Aim of the task ▸ Quote word for word from the line holding "5' X 7' Black" to the last line below, including both, and omit any pictures.

Dataset excerpts
- - -
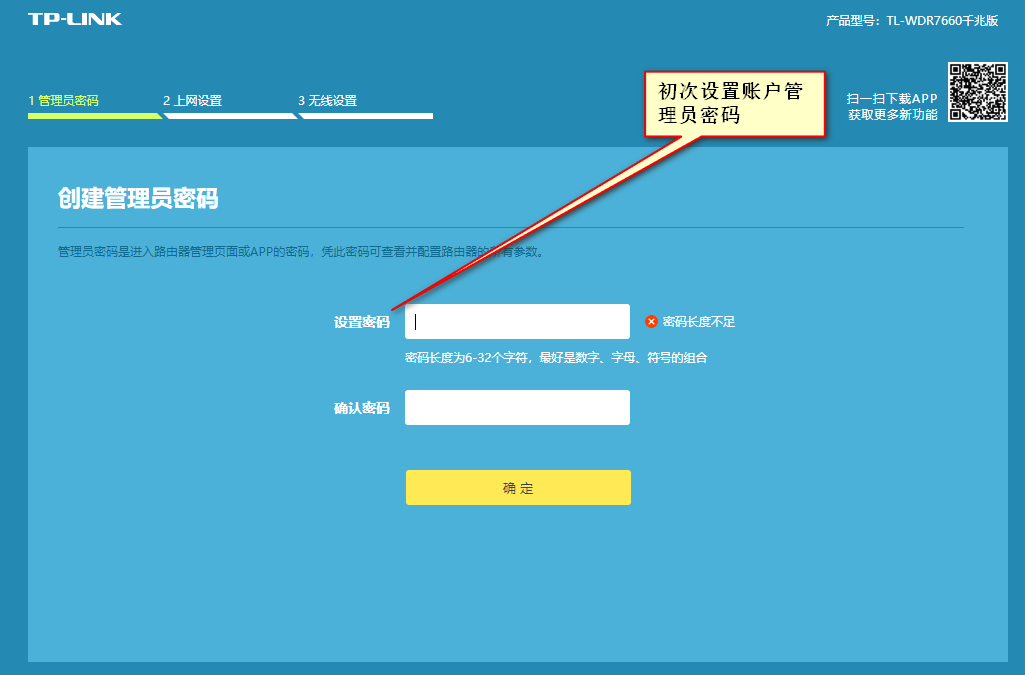 tplogin.cn(如果打不开tp-link的登录界面,就输入192.168.1.1)(注意这是第一次 初始化的时候才可以使用这些方式登录),界面如下,输入设置密码点击确认
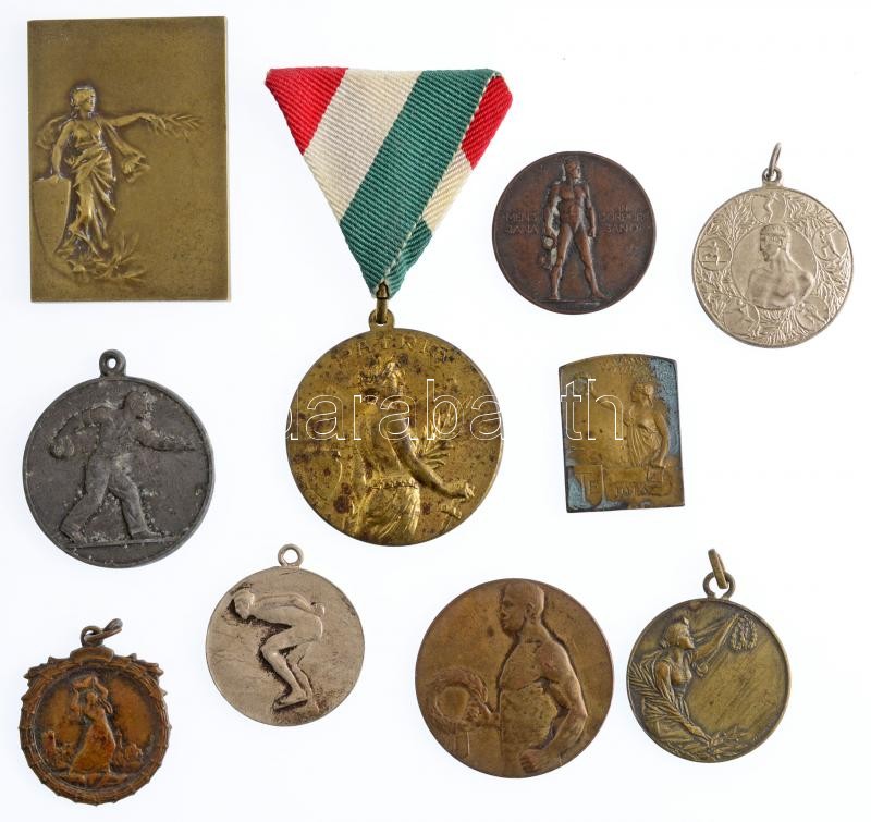 10db-os vegyes sportérem- és plakett tétel, közte Berán Lajos (1882-1943) 1948. "Mens sana in corpore sano (Ép testben ép lélek)" kétoldalas Br érem (30mm) T:vegyes
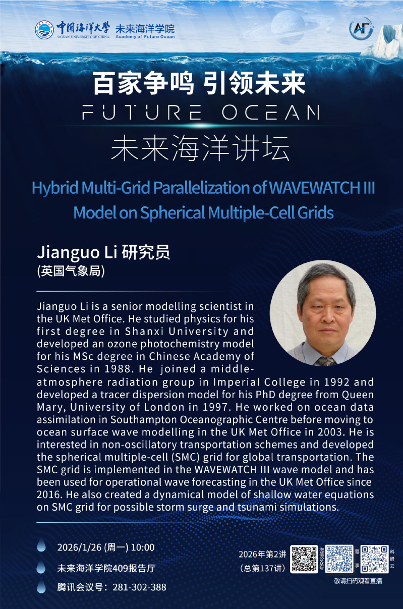 未来海洋讲坛第137讲(2026年第2讲)-Jianguo Li:Hybrid Multi-Grid Parallelization of WAVEWATCH III Model on Spherical Multiple-Cell Grids
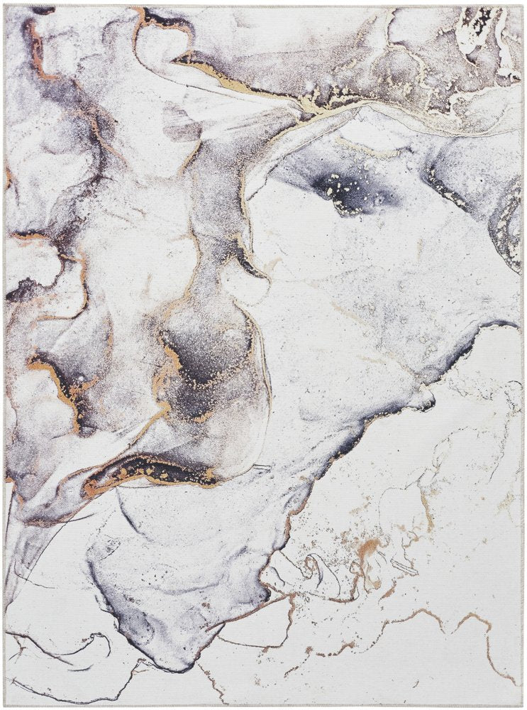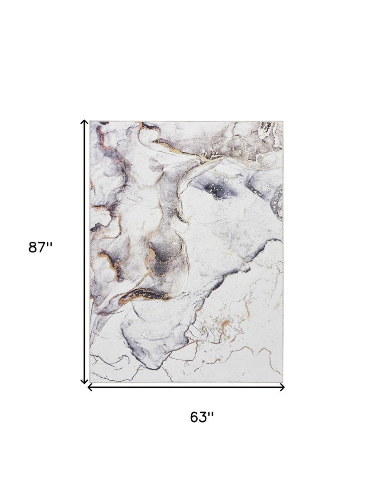 5' X 7' Black and Gold Abstract Power Loom Area Rug
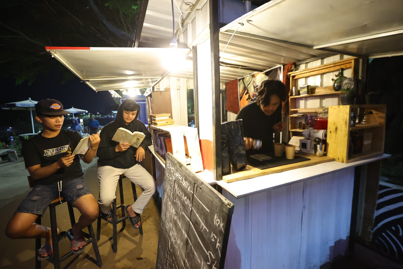 MADIUN – Di kawasan wisata Bantaran Kali Madiun, ada sebuah warung kopi yang unik. Ya, bukan sekedar menawarkan nikmatnya kopi seduh, di warung tersebut juga menyediakan berbagai buku bacaan. Ferrmans Noel Telussa, pemiliknya, sengaja mengkonsep usahanya tersebut menjadi sebuah padepokan kopi dengan sajian warung literasi. Seperti apa?
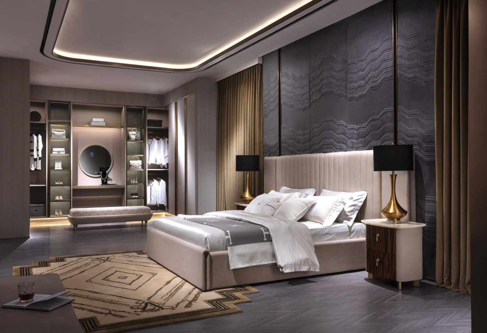 The Kalyste Calvesso Bed captures the essence of modern luxury through refined materials and sophisticated detailing. Designed to anchor high-end bedrooms, this piece combines a commanding presence with understated elegance.
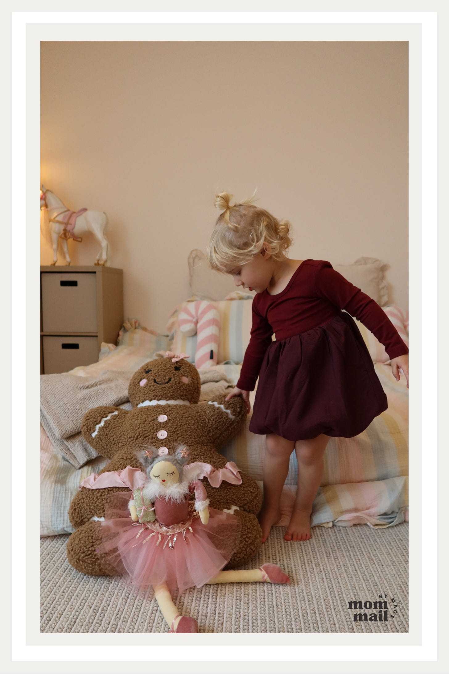 And every night Florence requests that we read Jan Brett’s book version, which has the most magical illustrations. Pair this beautiful hardcover story with a cute stuffed nutcracker or themed pajamas and it’s a truly festive package for the holidays.
- - -
Answer to this task ▸
 5' X 7' Black and Gold Abstract Power Loom Area Rug
 MADIUN – Di kawasan wisata Bantaran Kali Madiun, ada sebuah warung kopi yang unik. Ya, bukan sekedar menawarkan nikmatnya kopi seduh, di warung tersebut juga menyediakan berbagai buku bacaan. Ferrmans Noel Telussa, pemiliknya, sengaja mengkonsep usahanya tersebut menjadi sebuah padepokan kopi dengan sajian warung literasi. Seperti apa?
 The Kalyste Calvesso Bed captures the essence of modern luxury through refined materials and sophisticated detailing. Designed to anchor high-end bedrooms, this piece combines a commanding presence with understated elegance.
 And every night Florence requests that we read Jan Brett’s book version, which has the most magical illustrations. Pair this beautiful hardcover story with a cute stuffed nutcracker or themed pajamas and it’s a truly festive package for the holidays.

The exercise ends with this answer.